In order to illuminate the molded articles, not shown, such as preforms 50
(FIG. 1), located in or
on one of the mold halves, and/or portions of the molding machine 100 in the
illustrated
embodiment of Figure 3, the inspection device 250 includes one or more
multispectral light sources
260. One light source 260 is shown schematically for ease of illustration. The
light source 260 is
configured to illuminate one or more of the molded articles in or produced by
the molding machine
100. In the embodiment of Figure 3 specifically, the light source 260 is
arranged to illuminate the
mold cavities 118 of the first mold half 114 that is associated with the
stationary platen 102, as
well as any molded articles that may be disposed therein at the time of
inspection. Similarly, in an
alternative embodiment, not shown, the location of the light source 260 may be
arranged to
illuminate the mold cores 120 of the stationary platen 102, as well as any
molded articles that may
be disposed thereon at the time of inspection
The multispectral light source 260 produces light in a plurality of
wavelengths, in order to inspect
and image the molded articles and/or portions of the molding machine 100 with
different light
wavelengths. In at least some embodiments, the light source 260 produces light
in multiple
wavelength bands.

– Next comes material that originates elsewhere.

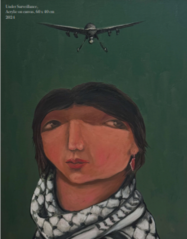 Technologie duikt vaak op in zijn schilderijen. Camera’s, drones, gsm’s. Ze controleren en domineren de mens. In het dagelijks leven, maar zeker in een oorlogssituatie, zeker in Gaza waar huizen, huishoudens, zelfs emoties geregistreerd en gecontroleerd worden. Artificiële intelligentie regisseert leven en dood en reduceert een menselijk leven tot enkele pixels.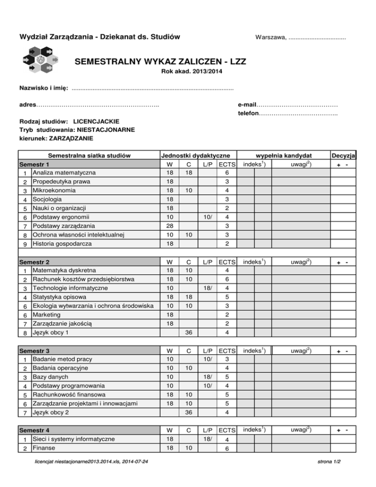 Wydział Zarządzania - Dziekanat ds. Studiów Warszawa, ................................. SEMESTRALNY WYKAZ ZALICZEŃ - LZZ Rok akad. 2013/2014 Nazwisko i imię: ............................................................................................. adres………………………………………………….. e-mail………………………………… telefon……………………………….. Rodzaj studiów: LICENCJACKIE Tryb studiowania: NIESTACJONARNE kierunek: ZARZĄDZANIE Semestralna siatka studiów Jednostki dydaktyczne Semestr 1 1 Analiza matematyczna W 18 2 Propedeutyka prawa 3 Mikroekonomia 18 18 4 Socjologia 5 Nauki o organizacji 18 3 18 2 6 Podstawy ergonomii 7 Podstawy zarządzania 10 8 Ochrona własności intelektualnej 9 Historia gospodarcza 10 Semestr 2 1 Matematyka dyskretna C 18 L/P ECTS 6 10 10/ 10 10 4 Statystyka opisowa 6 Ekologia wytwarzania i ochrona środowiska 18 18 5 10 10 3 6 Marketing 7 Zarządzanie jakością 18 2 18 2 10 L/P ECTS 4 uwagi2) + - indeks1) uwagi2) + - 6 18/ 36 4 4 Semestr 3 1 Badanie metod pracy W 10 C 2 Badania operacyjne 3 Bazy danych 10 10 10 18/ 5 4 Podstawy programowania 5 Rachunkowość finansowa 10 10/ 4 licencjat niestacjonarne2013.2014.xls, 2014-07-24 indeks1) 2 18 L/P ECTS 10/ 3 4 18 10 5 18 10 5 36 4 C 18 18 + - 3 2 Rachunek kosztów przedsiębiorstwa 3 Technologie informatyczne 1 Sieci i systemy informatyczne 2 Finanse uwagi2) 3 18 W indeks1) 4 C 10 Semestr 4 + - 4 W 18 6 Zarządzanie projektami i innowacjami 7 Język obcy 2 Decyzja uwagi2) 3 28 8 Język obcy 1 wypełnia kandydat indeks1) L/P ECTS 18/ 10 4 6 strona 1/2 3 Organizacja produkcji 4 Zachowania organizacyjne 5 Zarządzanie personelem 6 Bezpieczeństwo publiczne 18 0 24 2 36 W C 3 L/P ECTS 12 3 12 3 3 Przedmiot 3 z modułu 1Z9 4 Przedmiot 4 z modułu 1Z9 12 3 12 3 5 Przedmiot 5 z modułu 1Z9 6 Przedmiot p z modułu 1ZX 12 3 12 3 8 Praktyka zawodowa 9 Semin. dyplomowe 1 z modułu 1Z9 10 Praca dyplomwa cz.1 z modułu 1Z9 160 12 4 2 6 /60 W C L/P ECTS 1 Przedmiot 6 z modułu 1Z9 2 Przedmiot 7 z modułu 1Z9 12 3 12 3 3 Przedmiot 8 z modułu 1Z9 4 Przedmiot 9 z modułu 1Z9 12 3 12 3 5 Przedmiot X z modułu 1Z9 6 Przedmiot q z modułu 1ZX 7 Semin. dyplomowe 2 z modułu 1Z9 9 Praca dyplomwa cz.2 z modułu 1Z9 2 5 1 Przedmiot 1 z modułu 1Z9 2 Przedmiot 2 z modułu 1Z9 Semestr 6 1 3 18 7 Język obcy 3 Semestr 5 10/ 18 12 3 12 3 12 3 /90 indeks1) uwagi2) + - indeks1) uwagi2) + - 9 ) - w pierwszej kolumnie należy wpisać oceny z egzaminu, w drugiej oceny z zaliczeń ) - podać formę relizacji (wykład, ćwiczenia, laboratotium lub projekt) i liczbę godzin oraz semestr, na którym zaliczono dany przedmiot Data…………………………………… Podpis ……………………………. licencjat niestacjonarne2013.2014.xls, 2014-07-24 strona 2/2

The different wavelength bands produced could include, but
are not limited to,
visible light, near infrared, infrared, ultraviolet, and portions of the x-ray
band. The light source
260, depending on the embodiment, could include a plurality of light producing
elements,
especially in embodiments producing light in large range of wavelengths or in
several wavelength
bands. The light producing elements could include, but are not limited to,
electroluminescent
sources such as light emitting diodes (LEDs), electric discharge sources
(lamps), incandescent
sources, and laser sources.
The light source 260 further includes one or more optical elements (not shown)
for projecting the
multispectral light in a generally even manner over the molding machine
portions. The particular
optical components required will depend on the exact embodiment of the light
source 260. For
example, different optical component arrangements could depend on the
particular physical
structure of the molding machine 100 and the wavelengths produced by the light
source 260.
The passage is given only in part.